Chromatofocusing

 Biological macromolecules differ in their compositions of buffering groups, such as amino acids and purine or pyrimidine bases, thus giving each biomolecule its own unique charge properties. Generally, at low or acidic pH values, most biomolecules have a net positive charge, whereas at a higher or basic pH they carry a net negative charge. Of course, at a certain pH, the isoelectric pH or isoelectric point (pI), these biomolecules do not possess a net electric charge. This unique isoelectric pH provides the basis for the selectivity of chromatofocusing in chromatographically separating biomolecules.

 Chromatofocusing is a special kind of technique classified within the ion-exchange chromatography of biomolecules. A weak ion-exchange matrix and a pH gradient are used in chromatofocusing, instead of a strong ion exchanger and a salt gradient as in normal ion-exchange chromatography. This technique was first described theoretically and experimentally demonstrated by Sluyterman and co-workers (1, 2). They proposed that a pH gradient could be produced in an ion-exchange column packed with an appropriate ion-exchange resin with good buffering capacity. Although a pH gradient in a column can be produced in a manner similar to that of a salt gradient by using two different pH buffers in a mixing chamber of a gradient maker, a pH gradient can be created internally in the column by taking advantage of the buffering capacity of the weak ion-exchange resin. In practice, a certain pH buffer is used to equilibrate a column packed with a weak ion exchanger. Then another buffer with a different pH is passed through the column, which generates a pH gradient in the column. If such a pH gradient is used to elute biomolecules bound to the ion-exchange resin, the biomolecules elute in order of their isoelectric pH.

 The mechanism of chromatofocusing is based on the buffering action of the charged groups on the ion-exchange resin and on the fact that a biomolecule has a net negative charge at a pH above its isoelectric point. In a descending pH gradient, a single molecular species exists in three charged states—negative, neutral, and positive. When a positively charged column (ie, packed with an anion exchange resin) is equilibrated with a starting buffer of high pH, biomolecules that become negatively charged are initially retained on the column. When an elution buffer of lower pH is passed through the column, a pH gradient develops and the individual molecules continuously change their charged states. The molecules at the rear of the sample zone are the first to be titrated by the low-pH buffer. These molecules become positively charged when the pH is less than their pI, so that they are repelled from the column matrix and are carried rapidly to the front of the sample zone, because of the high velocity of the moving buffer. In traveling to the front of the sample zone, the molecules encounter an increase in pH and are titrated from their positive form to neutrality and back to their negative form. Once the molecules become negatively charged again, they readsorb on the matrix and again fall back to the rear of the sample zone. The cycle between the front and rear of the sample zone results in “focusing” (ie, a continuous narrowing of this zone) until the molecules elute from the column. At this point, the pH of the column effluent is approximately the same as pI of the components eluting.

 Chromatofocusing is an analytical or preparative technique for separating biomolecules according to their pI. The details of this technique relating to column packing, sample preparation, and sample application used in this technique are similar to those for affinity chromatography. A detailed operational protocol is beyond the scope of this article, so the interested reader is directed to other reviews (3, 4).

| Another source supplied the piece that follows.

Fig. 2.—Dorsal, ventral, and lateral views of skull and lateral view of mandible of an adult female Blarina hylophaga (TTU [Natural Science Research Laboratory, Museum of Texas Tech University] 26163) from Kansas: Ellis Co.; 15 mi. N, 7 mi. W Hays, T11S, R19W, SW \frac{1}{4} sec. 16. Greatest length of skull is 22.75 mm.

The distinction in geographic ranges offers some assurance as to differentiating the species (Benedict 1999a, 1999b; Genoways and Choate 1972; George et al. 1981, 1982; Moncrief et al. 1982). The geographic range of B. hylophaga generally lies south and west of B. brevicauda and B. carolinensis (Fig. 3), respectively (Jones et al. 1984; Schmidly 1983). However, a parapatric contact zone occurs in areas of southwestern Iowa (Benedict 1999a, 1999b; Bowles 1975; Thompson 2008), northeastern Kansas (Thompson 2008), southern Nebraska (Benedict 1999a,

 There are a number of advantages in using chromatofocusing. In this technique, a biomolecule is not subjected to a pH greater than its pI, and the resulting focusing effects concentrate the sample into a sharp, highly resolved band. One of the great benefits of chromatofocusing is its ease of operation. No gradient-forming devices or mixers are required. The pH gradient is formed with a single isocratic eluent. Chromatofocusing is used widely in research as the method of choice for resolving isozymes and molecular species with very similar charge characteristics, such as transferrin, ferritin, and hemoglobins.

References

1. L. A. A. Sluyterman and O. Elgersma (1978) J. Chromatogr. 150, 17–30. 

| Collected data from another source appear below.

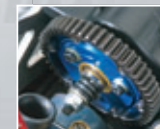
ADJUSTABLE STEEL SLIPPER CLUTCH Offers more cooling and traction control.
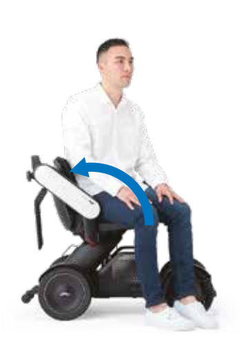
Retractable arm rest Lift up the arm rest to easily sit down in the chair from the side. Stand on the foot rest for added stability.
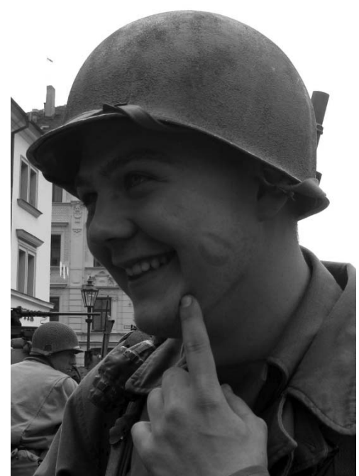
WOW I won't wash my face for the next five years.
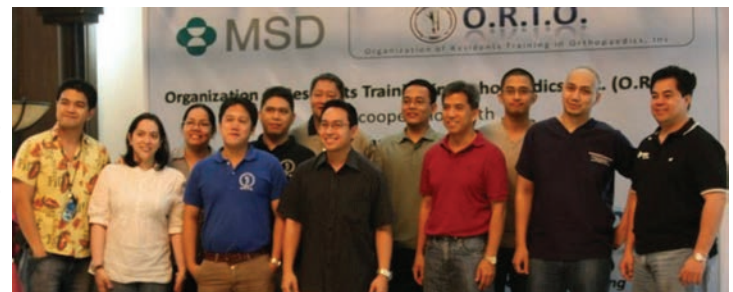
Officers pose with the speakers during the ORTO Forum
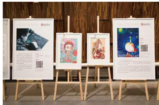
▲ The exhibition exposes Amity's art-related projects

2. L. A. A. Sluyterman and J. Wijdenes (1978) J. Chromatogr. 150, 31–44. 

3. L. Giri (1990) in Guide to Protein Purification (M.P. Deutscher, ed.), Methods in Enzymology 182, Academic Press, New York, pp. 380–392. 

4. T. W. Hutchens (1989) in Protein Purification: Principles, High Resolution Methods, and Applications (J.-C. Janson, and L. Rydén, eds.), VCH, New York, pp. 149–174. 

5. Pharmacia (1985) FPLC Ion Exchange and Chromatofocusing-Principles and Methods, Offsetcenter AB, Uppsala, Sweden.